• _Data extracts_
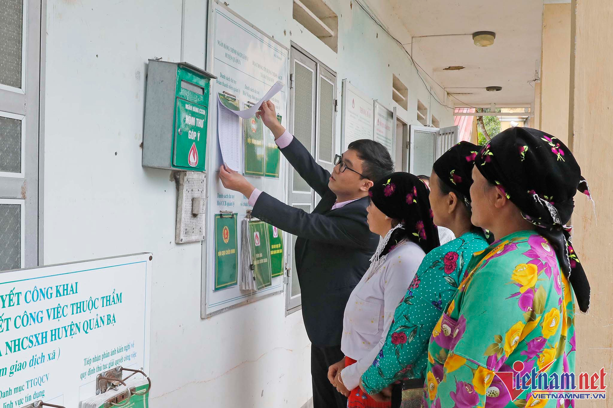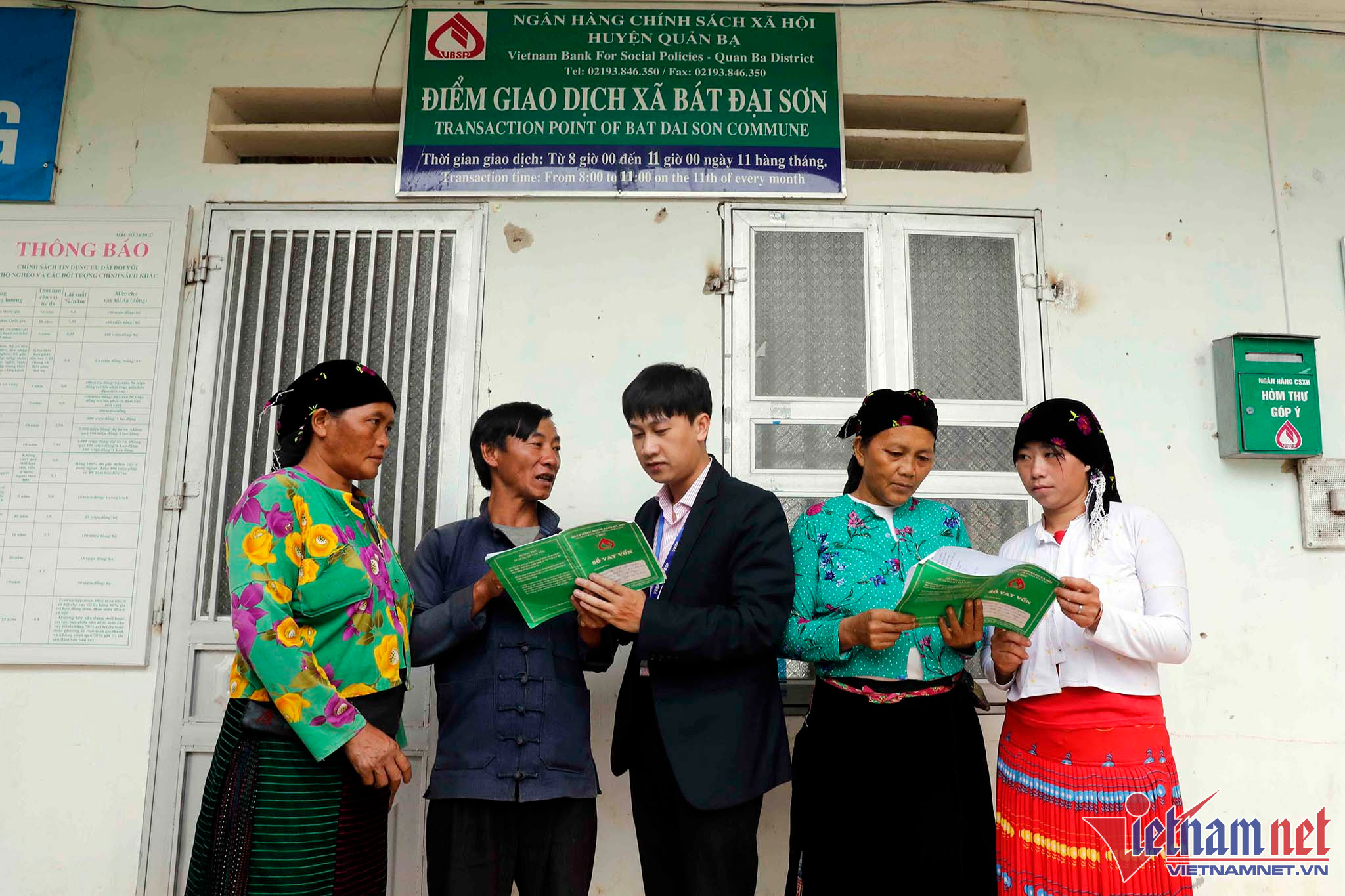 Hộ nghèo và đối tượng chính sách làm thủ tục vay vốn tại điểm giao dịch xã Trung Thịnh, huyện Xín Mần, Hà Giang.Gia đình chị Hầu Thị Máy, anh Và Mỹ Lự dân tộc Mông ở thôn Sán Trù, xã Bát Đại Sơn, huyện Quản Bạ vay vốn hộ nghèo đầu tư chăn nuôi gia súc, trồng hoa màu trên núi, gia đình có việc làm, tăng thu nhập.: Nhờ vốn vay ưu đãi, gia đình anh Hầu Sáo Vừ, dân tộc Mông ở xã Bát Đại Sơn, huyện Quản Bạ có điều kiện chăn nuôi bò sinh sản, gia đình có việc làm, thu nhập, có cơ hội thoát nghèo. : Gia đình anh Giàng My Páo, dân tộc Mông ở thôn Sán Trù, xã Bát Đại Sơn, huyện Quản Bạ vay vốn ưu đãi đầu tư xây dựng chuồng trại chăn nuôi bò cho hiệu quả tốt, gia đình hiện có 5 con bò. Một buổi giao dịch cho vay hộ nghèo và đối tượng chính sách tại điểm giao dịch xã Bát Đại Sơn, huyện Quảng Bạ, Hà Giang. Một buổi bình xét hộ vay tại xã Quản Bạ, huyện Quản Bạ.Người dân tham khảo tham khảo bảng niêm yết công khai tại điểm giao dịch xã Bát Đại Sơn, huyện Quản Bạ, Hà Giang. Cán bộ NHCSXH huyện Quản Bạ hướng dẫn, giải thích cho bà con đến vay tại điểm giao dịch xã.Vốn tín dụng chính sách góp phần giúp mùa màng của bà con xã Bát Đại Sơn bội thu. Vốn tín dụng chính sách góp phần giúp mùa màng của bà con xã Bát Đại Sơn bội thu. Với địa hình núi cao, gieo trồng khó khăn, người dân vùng khó khăn Hà Giang cần nhiều sự hỗ trợ vốn vay ưu đãi. Một buổi giao ban giữa Ngân hàng và các cấp chính quyền tại điểm giao dịch xã Bát Đại Sơn, huyện Quản Bạ.Đại diện các hội, đoàn thể tại một buổi giao ban trong ngày giao dịch xã.Nhiều xã viên HTX dệt thổ cẩm của phụ nữ Pà Thẻn ở xã Tân Bắc, huyện Quang Bình được vay vốn ưu đãi làm nghề dệt vải góp phần giữ gìn nghề truyền thống.
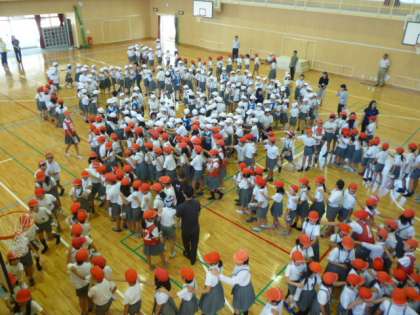 6月14日(木)朝の時間に、たてわり班集会がありました。各班ごとに集まり、じゃんけん列車を行いました。とても長い列車になり、子どもたちも楽しく取り組めていました。
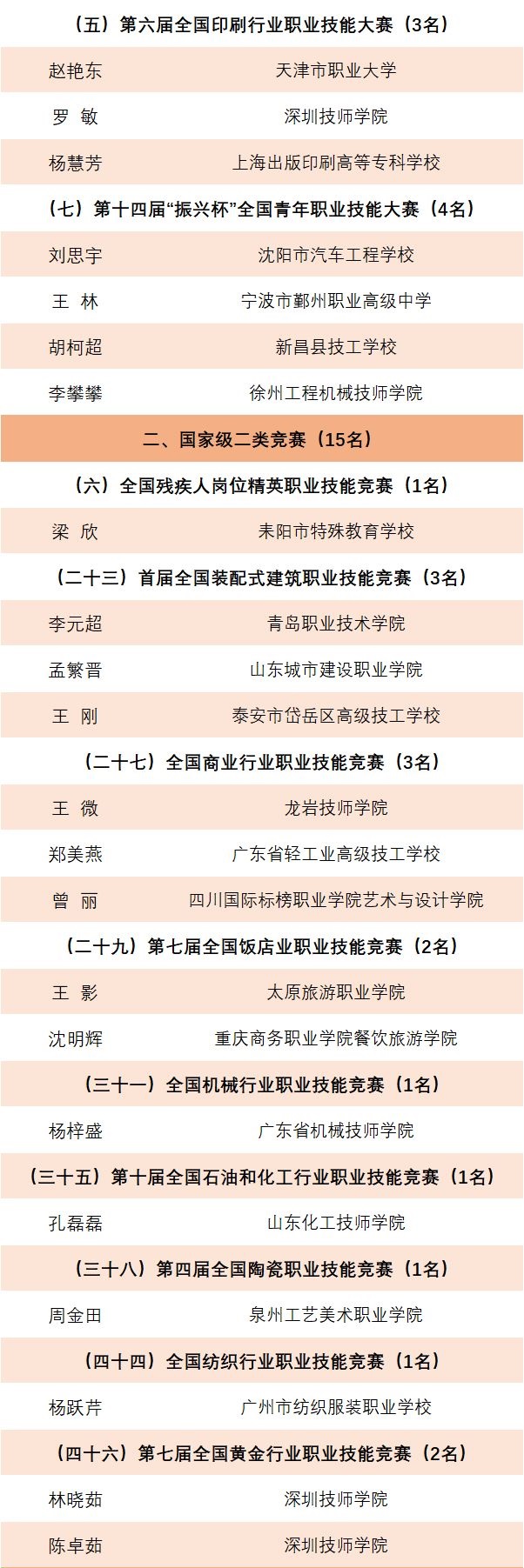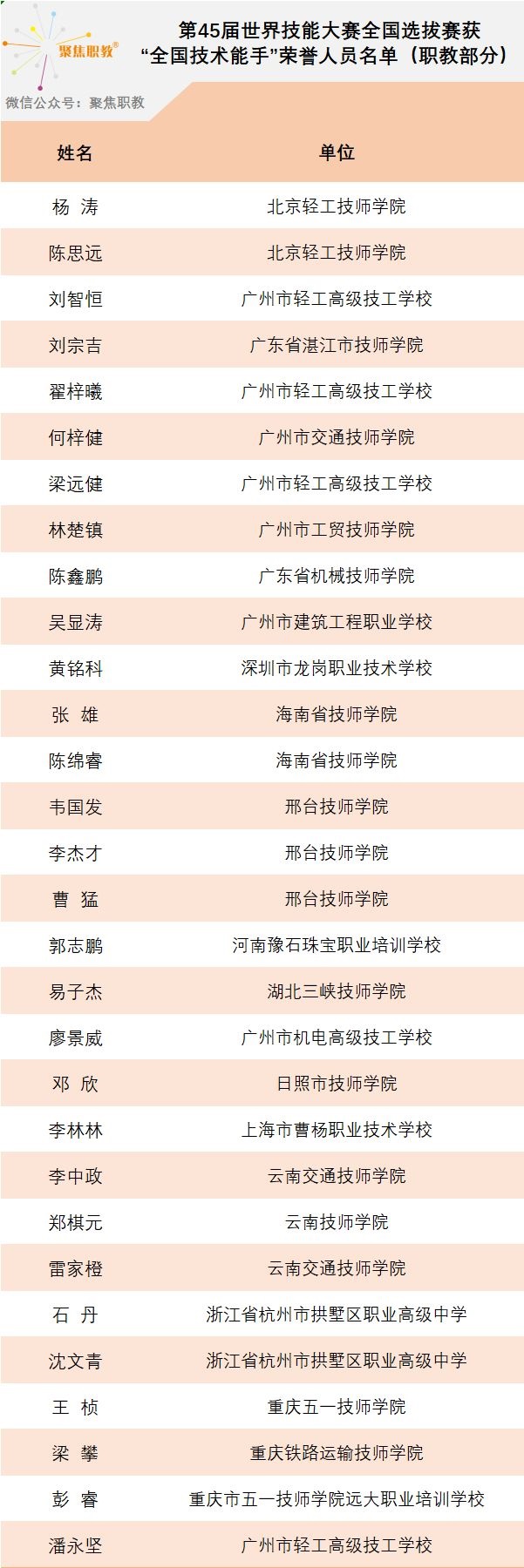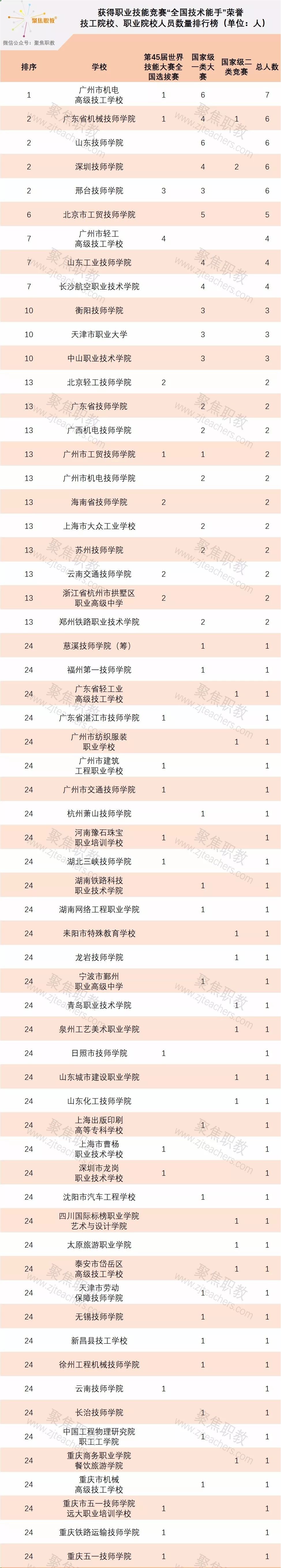 聚焦职教对职教领域的选手名单进行统计,得出获得职业技能竞赛“全国技术能手”荣誉的技工院校、职业院校人员数量排行榜。
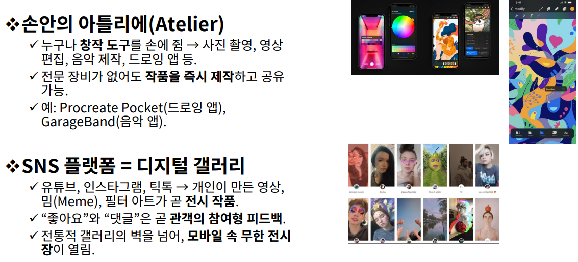 - 스마트폰은 ‘손안의 아틀리에’로, 누구나 사진·영상·음악을 제작할 수 있는 창작 도구가 됨.
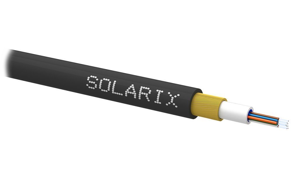 Zafukovací optický kabel MINI Solarix s 8 vlákny singlemode 9/125 a HDPE pláštěm pro snadnou instalaci do mikrotrubiček.
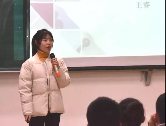 王睿学姐先向我们宣讲,她对大家说:“要让优秀成为一种习惯,不忘初心,方得始终。我们要一直带着心中的那份炽热去勇敢的追逐自己的梦想。”
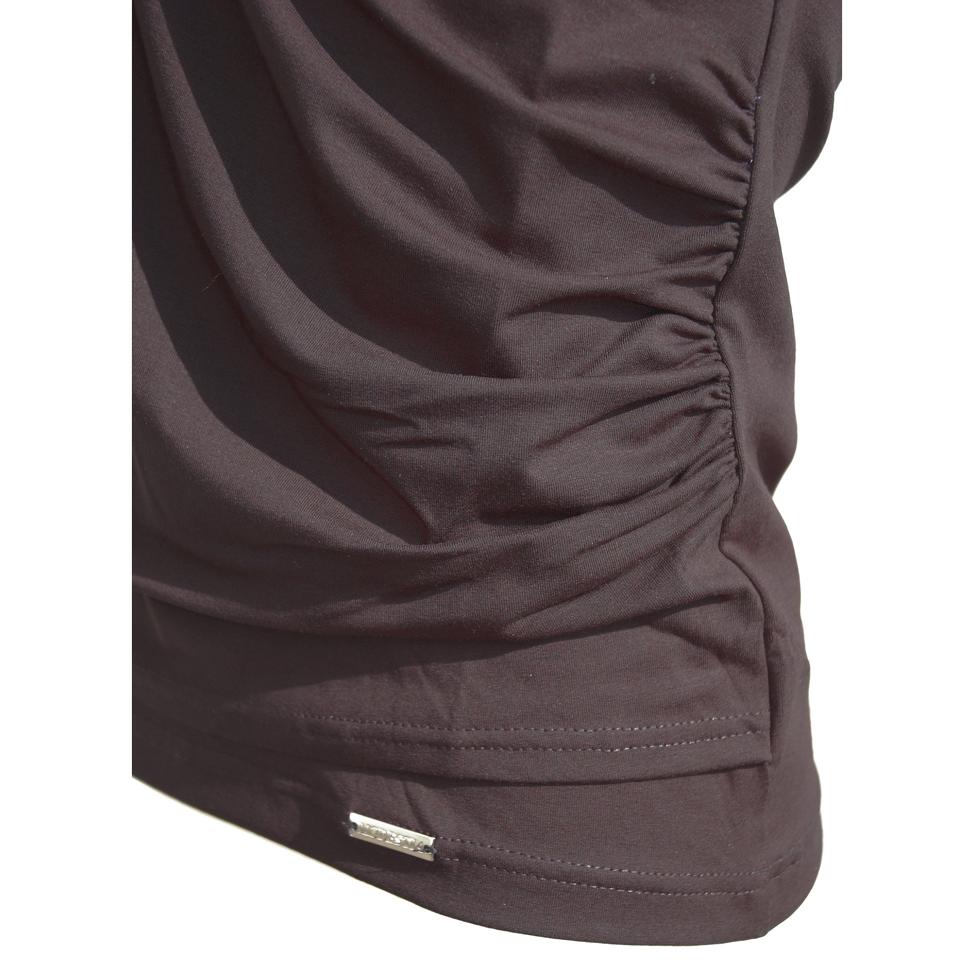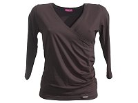 Zajímavě řešená halenka s 3/4 rukávem, na prsou překřížená, zavinovací vzhled. Po levé straně nařasené. Délka u vel. 38 je 58 cm, stupňování ve vel. po 1,5 cm. Materiál: 95 % viskóza 5 % elastan

• _What is required_
Transcribe the records above exactly, leaving out every picture.

• _Expected output_
 Hộ nghèo và đối tượng chính sách làm thủ tục vay vốn tại điểm giao dịch xã Trung Thịnh, huyện Xín Mần, Hà Giang.Gia đình chị Hầu Thị Máy, anh Và Mỹ Lự dân tộc Mông ở thôn Sán Trù, xã Bát Đại Sơn, huyện Quản Bạ vay vốn hộ nghèo đầu tư chăn nuôi gia súc, trồng hoa màu trên núi, gia đình có việc làm, tăng thu nhập.: Nhờ vốn vay ưu đãi, gia đình anh Hầu Sáo Vừ, dân tộc Mông ở xã Bát Đại Sơn, huyện Quản Bạ có điều kiện chăn nuôi bò sinh sản, gia đình có việc làm, thu nhập, có cơ hội thoát nghèo. : Gia đình anh Giàng My Páo, dân tộc Mông ở thôn Sán Trù, xã Bát Đại Sơn, huyện Quản Bạ vay vốn ưu đãi đầu tư xây dựng chuồng trại chăn nuôi bò cho hiệu quả tốt, gia đình hiện có 5 con bò. Một buổi giao dịch cho vay hộ nghèo và đối tượng chính sách tại điểm giao dịch xã Bát Đại Sơn, huyện Quảng Bạ, Hà Giang. Một buổi bình xét hộ vay tại xã Quản Bạ, huyện Quản Bạ.Người dân tham khảo tham khảo bảng niêm yết công khai tại điểm giao dịch xã Bát Đại Sơn, huyện Quản Bạ, Hà Giang. Cán bộ NHCSXH huyện Quản Bạ hướng dẫn, giải thích cho bà con đến vay tại điểm giao dịch xã.Vốn tín dụng chính sách góp phần giúp mùa màng của bà con xã Bát Đại Sơn bội thu. Vốn tín dụng chính sách góp phần giúp mùa màng của bà con xã Bát Đại Sơn bội thu. Với địa hình núi cao, gieo trồng khó khăn, người dân vùng khó khăn Hà Giang cần nhiều sự hỗ trợ vốn vay ưu đãi. Một buổi giao ban giữa Ngân hàng và các cấp chính quyền tại điểm giao dịch xã Bát Đại Sơn, huyện Quản Bạ.Đại diện các hội, đoàn thể tại một buổi giao ban trong ngày giao dịch xã.Nhiều xã viên HTX dệt thổ cẩm của phụ nữ Pà Thẻn ở xã Tân Bắc, huyện Quang Bình được vay vốn ưu đãi làm nghề dệt vải góp phần giữ gìn nghề truyền thống.
 6月14日(木)朝の時間に、たてわり班集会がありました。各班ごとに集まり、じゃんけん列車を行いました。とても長い列車になり、子どもたちも楽しく取り組めていました。
 聚焦职教对职教领域的选手名单进行统计,得出获得职业技能竞赛“全国技术能手”荣誉的技工院校、职业院校人员数量排行榜。
 - 스마트폰은 ‘손안의 아틀리에’로, 누구나 사진·영상·음악을 제작할 수 있는 창작 도구가 됨.
 Zafukovací optický kabel MINI Solarix s 8 vlákny singlemode 9/125 a HDPE pláštěm pro snadnou instalaci do mikrotrubiček.
 王睿学姐先向我们宣讲,她对大家说:“要让优秀成为一种习惯,不忘初心,方得始终。我们要一直带着心中的那份炽热去勇敢的追逐自己的梦想。”
 Zajímavě řešená halenka s 3/4 rukávem, na prsou překřížená, zavinovací vzhled. Po levé straně nařasené. Délka u vel. 38 je 58 cm, stupňování ve vel. po 1,5 cm. Materiál: 95 % viskóza 5 % elastan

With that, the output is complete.